Loading Fuel before – the pre-event meal
The purpose of eating before training or competition is to provide the body fuel and fluids. The idea is to choose foods to prevent hunger, provide additional carbohydrates as fuel, and minimize the potential intestinal complications. Generally, the food must be taken sufficiently early to allow it to drain the stomach and is absorbed in the intestine. A good rule of thumb is to limit the event to local food around 800 calories, and given one hour before the event per 200 calories ingested. For example, 5 pancakes, syrup, a banana and would take 4 hours before training. A smaller meal of 200 calories as a bowl of cereal or a slice of bread and juice, would take between 1 and 2 hours before starting. The choice of time in which it takes the food is particularly important in activities such as athletics, swimming and aerobic dance, and is less critical in sports such as cycling. Athletes with "nervous stomach" before competition may find it easier to tolerate liquid foods such as fruit smoothies with tofu or soy. The pre-event meal should contain liquids and foods high in carbohydrates and low in fat, protein, salt, simple sugars and fiber concentrated. Some good examples are: cereal with banana and skim milk, pancakes with fresh fruit, oatmeal with fruit, a baked potato with vegetables and soy yogurt, tofu on bread with fruit. Excess protein, fiber and fat in food can cause heartburn after, nausea, diarrhea or constipation in some individuals. Taking
adequate fluid is the most important recommendation for any type of exercise.

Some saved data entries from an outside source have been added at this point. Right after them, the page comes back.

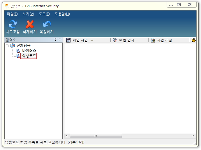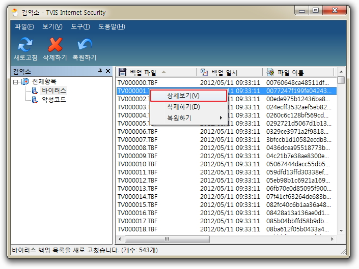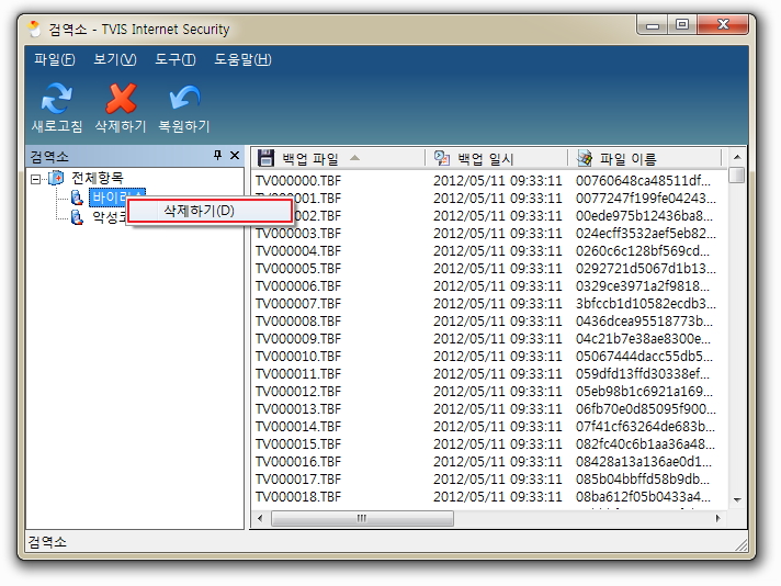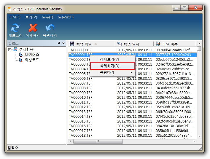 (참고) 여러 개의 백업 파일을 삭제하실 경우는 [Shift]를 누른 상태에서 여러 개를 선택하신 후, [삭제하기]를 클릭하시면 됩니다. 또한 정보 창에 있는 백업 파일을 한꺼번에 삭제하고 싶으신 경우에는 검역소 선택 창에서 삭제하실 백업 파일을 선택하신 후, 마우스 우 클릭하여 [삭제하기]를 선택하시면 현재 선택된 백업 파일을 한꺼번에 모두 삭제하실 수 있습니다.
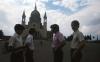 3 boys in white button up shirts in front of the Basilica Don Bosco
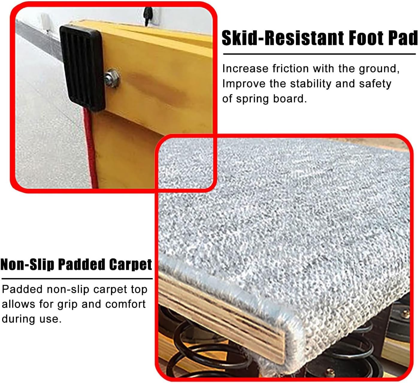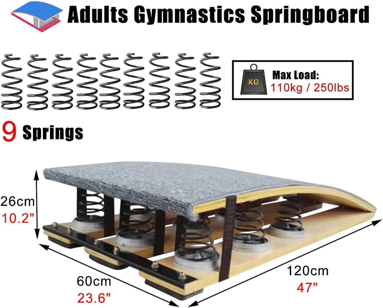 Trampolino da competizione: questo trampolino da competizione è adatto sia ai ragazzi che agli adulti! Le specifiche e le proprietà sono progettate secondo gli standard delle competizioni, quindi può essere utilizzato in palestra o a casa. Carico 110 kg / 250 libbre. 9 Molle ad alta elasticità: le molle spesse ad alta tenacità hanno un'elasticità e una resilienza extra, sono sicure e consentono un supporto superiore e un utilizzo ottimale. Molle in acciaio ispessito: molla interna in acciaio al manganese ispessita, elevata capacità portante, forte elasticità, nessuna deformazione, piastra in acciaio fissata antiruggine. Progettato per adulti: questo trampolino è ottimo come attrezzo per salire sulle parallele asimmetriche o per esercitarsi negli atterraggi, oppure per i corsi di ginnastica prescolare o per migliorare le tecniche di volteggio a casa. Ampiamente utilizzato: trampolino da ginnastica resistente, perfetto per la casa, la barra di ginnastica, la sala giochi, i percorsi a ostacoli, la palestra di casa, il seminterrato, ecc.
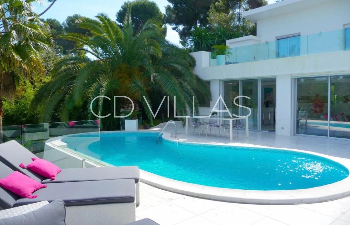 Villa Georgia is a pretty contemporary villa situated in a quiet and residential area on the prestigious Cap d'Antibes, within walking distance to the coast and beaches. The villa can welcome up to 6 people with its 3 ensuite bedrooms, an independent bedroom is available upon request, ideal for on-site staff or teenagers. The ground floor living / dining room opens onto a large terrace leading to the swimming pool. This lovely house has been tastefully decorated in a modern style and comes with air-conditioning.
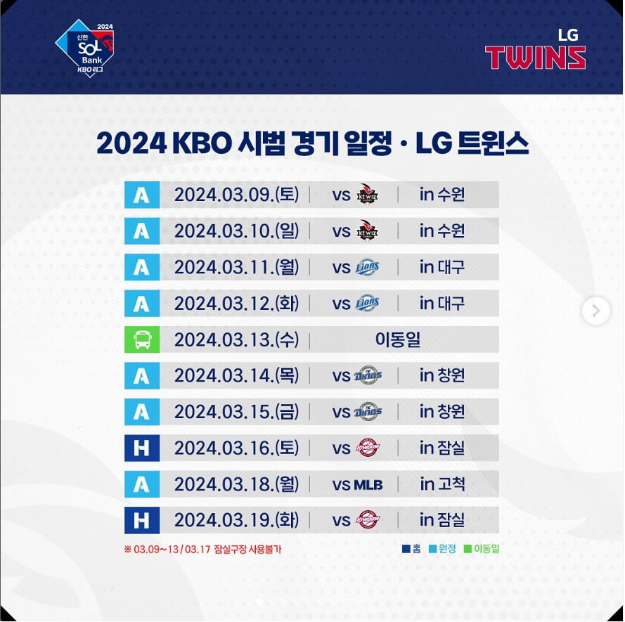 ✅ LG 트윈스 : 수원 > 대구 > 창원 > 잠실 > 고척 > 잠실 (홈 2경기)
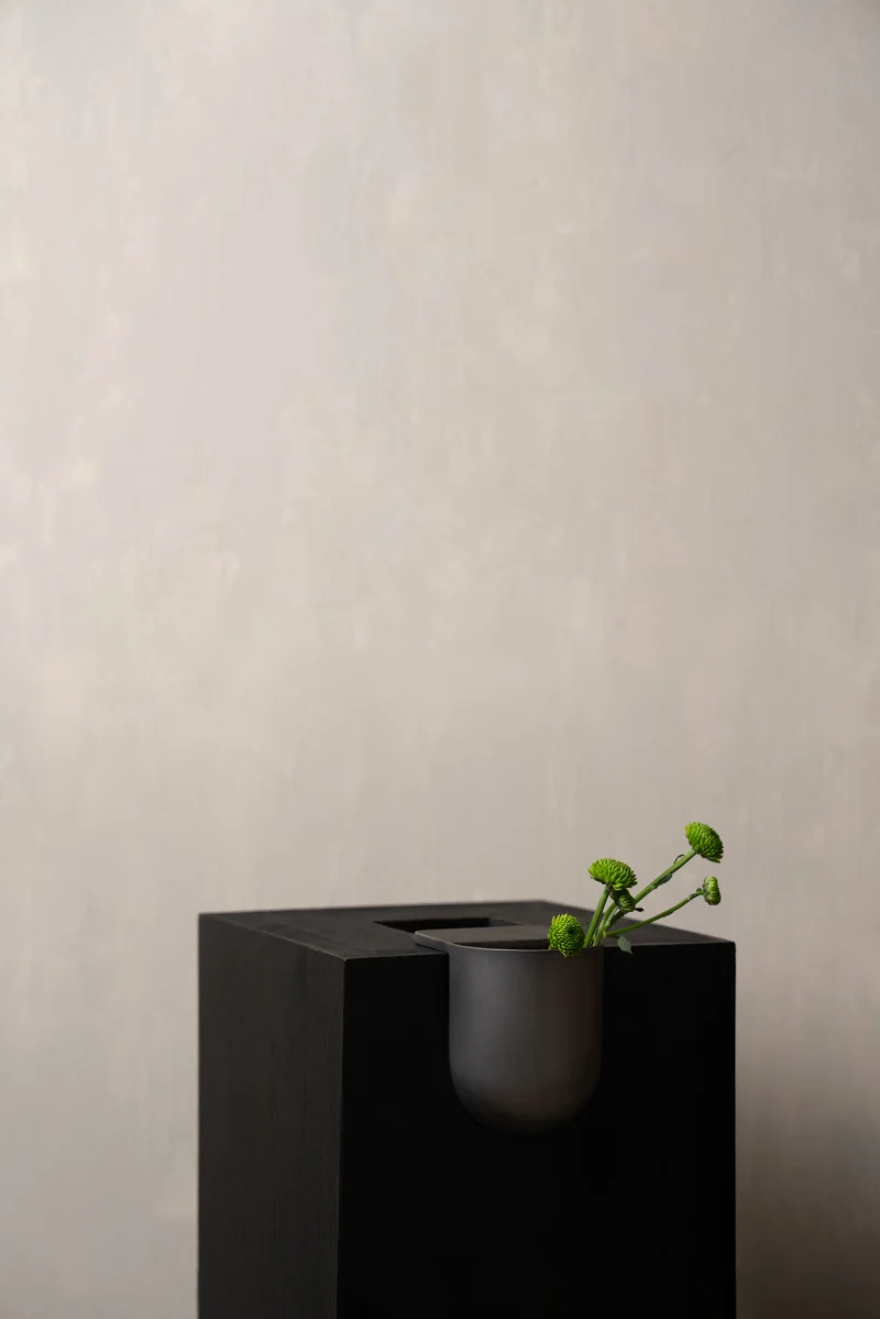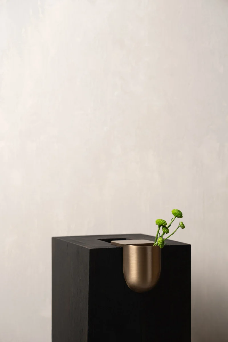 architectural detail Architectural vase bookcase vase Contemporary object corner display corner vase Decor flower holder Flower vase Functional sculpture graphic form gravity design Home decor industrial minimal L shaped vase Metal metal vase Minimalist vase modern decor no fixings quiet design Sculptural vase shelf edge shelf vase space saving Stainless steel Stainless steel vase steel object subtle display
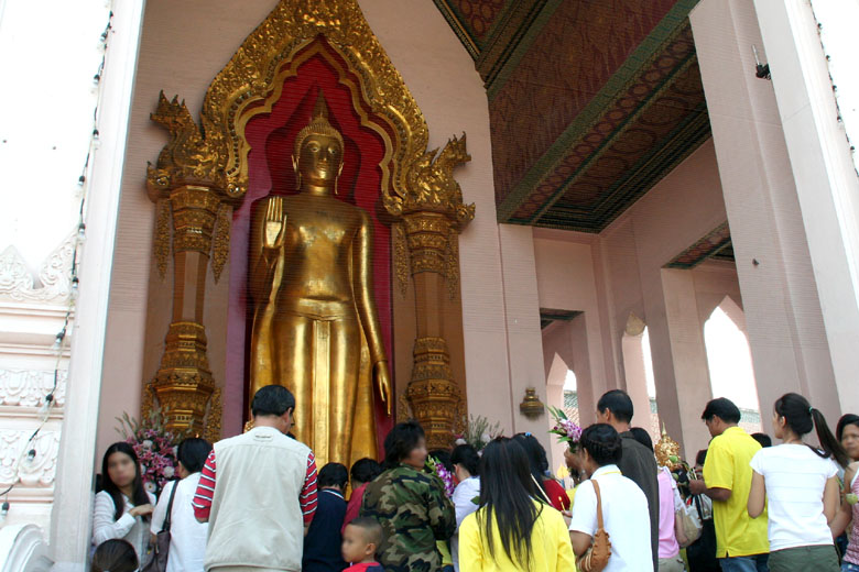 end of 2006. "Pra Pathom Chedi" is one of the main royal temples and located in Nakhon Pathom, about 60 km west of Bangkok. The huge orange tiled chedi is about 120 meters high, 65 meters in diameter and stands on the base, 240 meters around. Nakhon Phanom is the place where Buddhism was introduced first in Thailand. Around the 3rd century B.C., King Asoka sent missionaries here to spread Buddhism and the original chedi was built. Although the chedi was destroyed by Cambodia in 11th century and left deserted, Rama 4 found it and commanded the reconstruction of a new huge pagoda covering the original one in 1853. It took about 20 years to finish it until the reign of Rama V. During the era of King Rama VI, Phra Pathom Chedi was renovated and the temple became the royal temple of King Rama VI. The relics of King Rama VI are housed in its base. As the birthplace of Thai Buddhism, Nakhon Phanom has a big festival on a night with a full moon in November every year with a lot of people from all over the country. |
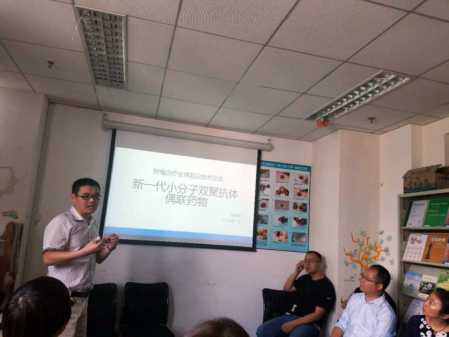 在结直肠外科,相关科室人员与两位教授进行深度交流,针对常见遗传性肿瘤基因检测的相关问题开展探讨研究,并进行合作初步洽谈。澳大利亚哈德逊医学研究所舒润哲教授还为我院医护人员作“新一代小分子双聚抗体偶联药物”讲座,分享了肿瘤治疗的最新前沿动态。
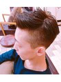 グラデーション刈り上げとアップバングでメリハリのあるstyleに。
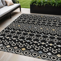 5' X 8' Black Ivory And Blue Geometric Washable Indoor Outdoor Area Rug
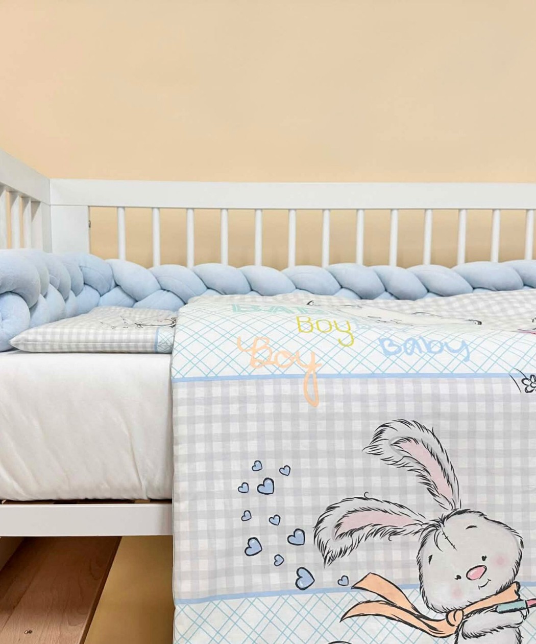 Naziv proizvoda: Textil komplet posteljina za krevetac za bebe Plavi Zeka - 120x60 cm
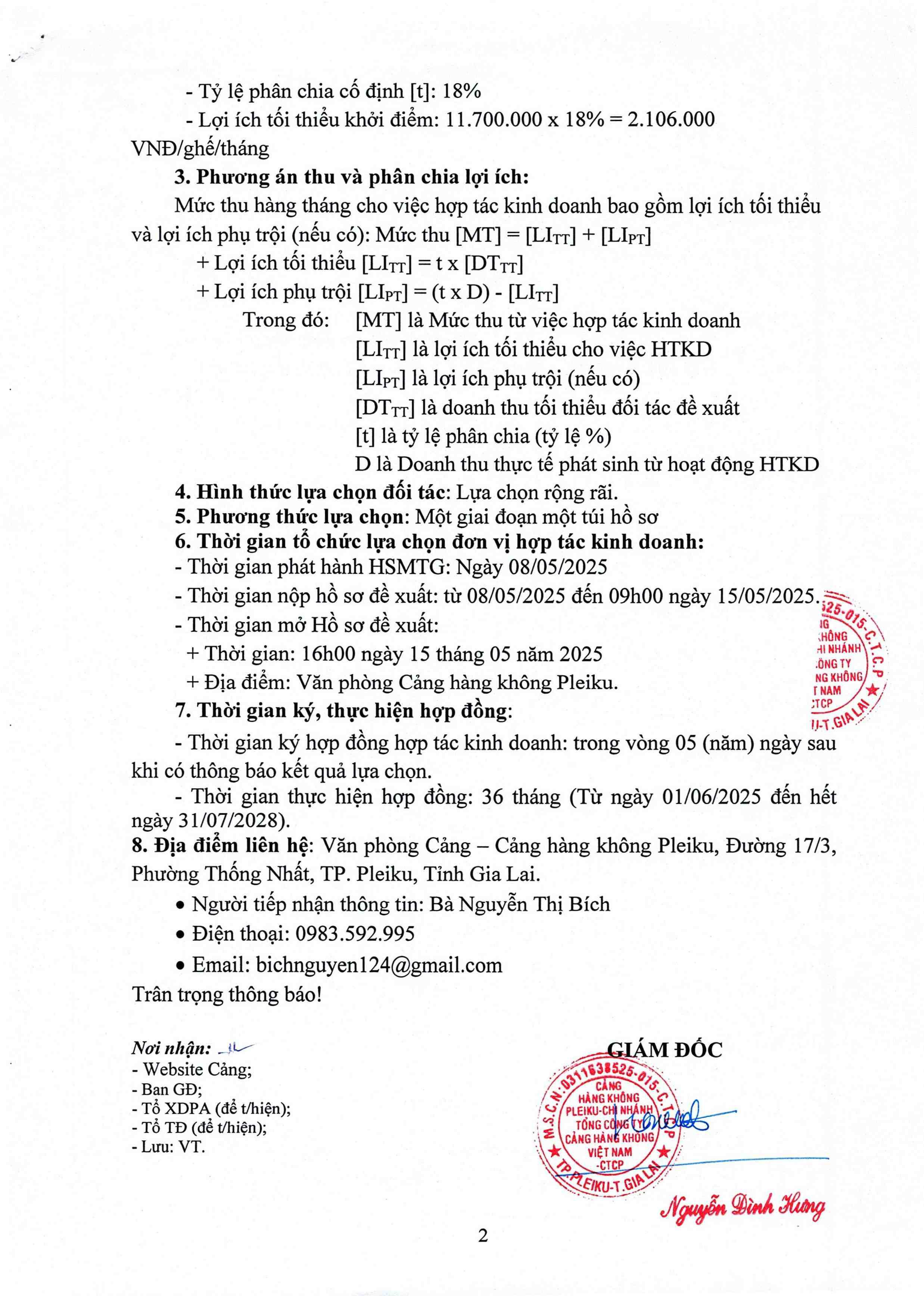 Thông báo mời chào giá: Kế hoạch lựa chọn đơn vị hợp tác kinh doanh mặt bằng cung ứng dịch vụ ghế massage tự động tại Cảng hàng không Pleiku
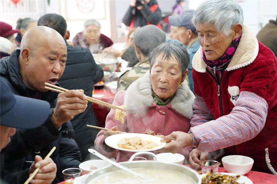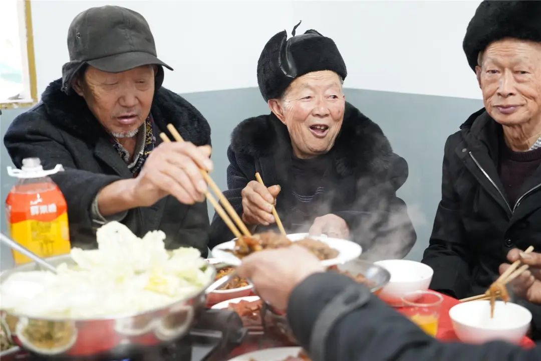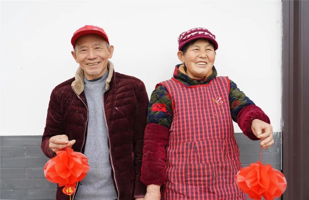 只见老人们手拿灯笼、看着镜头笑得开怀

Supplements – food during the event
Replenishment of fluids and carbohydrate during exercise is important. What and how much should be the replacement depends on the type, duration and intensity of exercise. Taking adequate fluid is the most important recommendation for any type of exercise. The general recommendation is to drink ½ to 1 cup of water every 10 or 20 minutes. In a warm climate, where sweating is greatest, you may need to take 2 cups of water every 15 minutes to replenish fluid loss. Adequate hydration allows the effective regulation of body temperature and a good circulation and proper muscle functioning.
Replenishment of carbohydrates is necessary for events lasting more than 90 minutes and can be beneficial even during high intensity exercise of shorter duration. This applies to both continuous activities such as cycling, running and hiking, and sports with intermittent activity like football and weightlifting. Under these conditions, the consumption of carbohydrates during exercise increases both the time and intensity of exercise that the athlete can perform before becoming exhausted. Some researchers believe the consumption of carbohydrates delays fatigue by providing additional fuel for muscle work in preventing and reducing the blood sugar. (1) The recommended carbohydrate takes approximately 30 to 80 grams per hour (2) (1 to 3 large bananas or half a liter to liter and a drink three quarts of fluid replacement in the 6-7%) to delay fatigue during prolonged strenuous exercise.
Refueling – food after event
The post-training meal is nutritionally the most important meal to help the recovery of exercise and maintain the ability to train the following days. Fluids, carbohydrates and protein after exercise are critical, especially after heavy exercise. We need a high amount of carbohydrates to replenish the depleted reserves of glycogen. The consumption of protein sources may also help in the repair and reconstruction of damaged muscle tissue and replenishing the reserves of amino acids. The collective evidence indicates that exercise significantly alters the metabolism of proteins, especially as the exercise becomes more prolonged and vigorous. (3) As the body begins to replenish its depleted reserves and repair microscopic damage to muscle fibers almost immediately after exercise, the depleted supply of these nutrients in the food after the event may accelerate recovery. Researchers think the role of carbohydrates in the performance during training suggest that consumption of foods high in carbohydrates 15 to 30 minutes after exercise, followed by additional consumption, optimize the replacement of muscle glycogen. (4) Postponing the consumption of carbohydrates several hours reduces the rate at which the body is capable of storing glycogen. For the individual who exercised occasionally, this involves carrying a fruit juice or fluid replacement drink as an aperitif after the exercise, and after taking a meal high in carbohydrates and proteins (such as pasta sauce with lentils or tofu, vegetables and rice) shortly thereafter. For the high performance athlete, it is recommended that a food provides a good source of protein and 100 grams of carbohydrates, followed by additional intake of carbohydrates every 2 to 4 hours.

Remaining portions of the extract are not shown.